-- WORK ORDER --
Your answer should hold exactly the lines beginning with the one that contains "- Rub for manicure." and ending with the last line of the material, both included. Leave every picture out.
Segment Start: DATA SHOWN
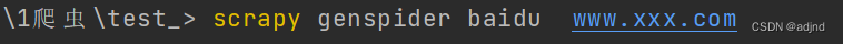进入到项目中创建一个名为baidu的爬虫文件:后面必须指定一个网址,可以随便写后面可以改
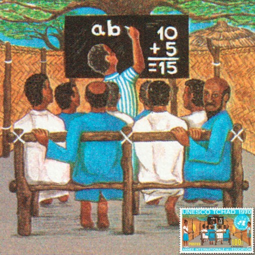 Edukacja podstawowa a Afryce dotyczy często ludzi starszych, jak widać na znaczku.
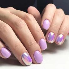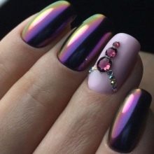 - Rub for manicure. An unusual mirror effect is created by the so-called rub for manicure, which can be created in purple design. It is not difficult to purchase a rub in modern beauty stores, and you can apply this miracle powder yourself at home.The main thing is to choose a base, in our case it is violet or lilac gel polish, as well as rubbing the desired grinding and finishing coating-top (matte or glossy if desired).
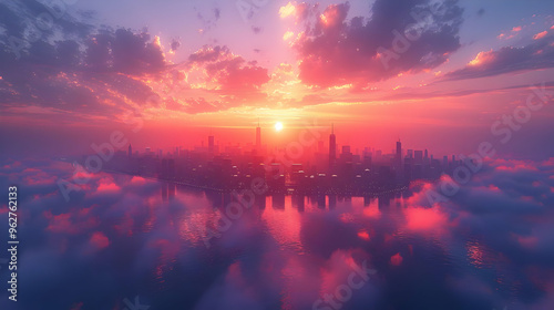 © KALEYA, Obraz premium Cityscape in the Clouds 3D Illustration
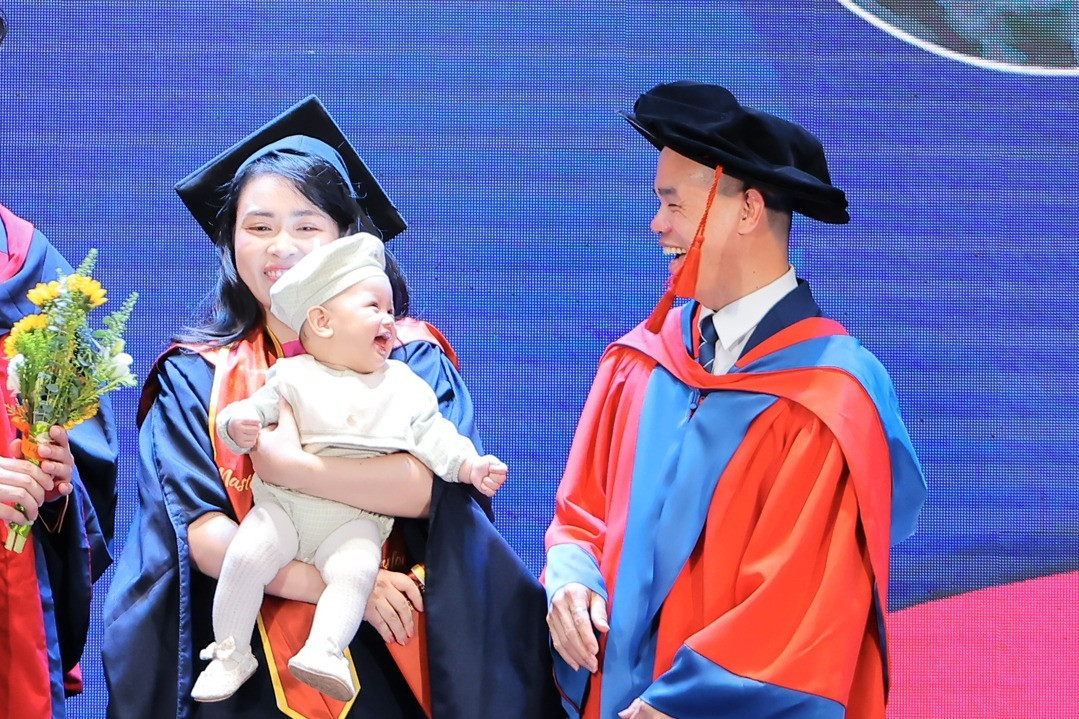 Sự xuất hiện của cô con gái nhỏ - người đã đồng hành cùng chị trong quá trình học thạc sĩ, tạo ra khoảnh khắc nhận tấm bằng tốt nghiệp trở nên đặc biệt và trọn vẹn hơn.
Segment End: DATA SHOWN
-- SOLUTION TO THIS PROBLEM --
 - Rub for manicure. An unusual mirror effect is created by the so-called rub for manicure, which can be created in purple design. It is not difficult to purchase a rub in modern beauty stores, and you can apply this miracle powder yourself at home.The main thing is to choose a base, in our case it is violet or lilac gel polish, as well as rubbing the desired grinding and finishing coating-top (matte or glossy if desired).
 © KALEYA, Obraz premium Cityscape in the Clouds 3D Illustration
 Sự xuất hiện của cô con gái nhỏ - người đã đồng hành cùng chị trong quá trình học thạc sĩ, tạo ra khoảnh khắc nhận tấm bằng tốt nghiệp trở nên đặc biệt và trọn vẹn hơn.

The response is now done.